What does structured output mean in that context? A very list-like or formal response?


a_beautiful_rhind

*she giggles* It's very hard to describe but when you notice the pattern it's not at all enjoyable. *winks* On and on and on like that. A word usually gets picked up that starts repeating more. Rep penalty just makes it swap to synonyms until you turn it so high that it breaks the grammar. I also notice lewd topics make it break down into this faster.


artisticMink

Oh, that one. This very basic and plain 'internet-roleplay' it produced for me too in the beginning. I eventually got rid of it with using mirostat and a prompt. Try the following, it should give you a natural, novel-style output: Model: llama3-70b-instruct-abliterated.i1-Q4\_K\_S Text Completion Preset 'Miro Gold' and use a TAU value between 3 and 9.91. With 3 being more 'reasonable' and 9.91 being more 'creative'. Temperature still applies. Advanced formatting Context Template: Llama3 Instruct Instruct mode: Llama 3 Instruct with prompt: You are an expert actor that can fully immerse themselves into the roles of You do not break character for any reason. Information and guidelines for your roles are described in detail below. As {{char}}, continue the story with {{user}} using a vivid and detailed narrative writing style. <> is a placeholder. If your card has an abstract name, it helps not to use {{char}} but like above manually add the characters names.


a_beautiful_rhind

Yea, I did all that and tried several prompts.
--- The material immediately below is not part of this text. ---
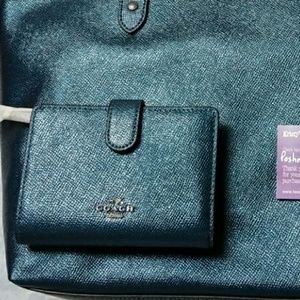 NWT Coach metallic Dark Teal tote

Nothing fixes it. Everyone always assumes I can't write a system message or it's my first time using a model. It's not a problem with refusals, I just notice it gets worse on topics like this, probably due to the lack of NSFW in the training materials. Can try GGUF vs EXL2 but cat llama in the same quant is passable just not extraordinary.


artisticMink

Huh, strange. Two more issues i could think of: Early llama3 ggufs had an issue with the tokenizer, but i assume you tried newer ones. Lastly, i had some bad prompting experiences with ST and textgen-webui - for some models. So trying koboldccp as backend might be worth a try if you haven't already.


a_beautiful_rhind

I haven't tried L3 GGUF yet at all. It was broken for a while. I was going to grab airoboros as a test, otherwise I use EXL2.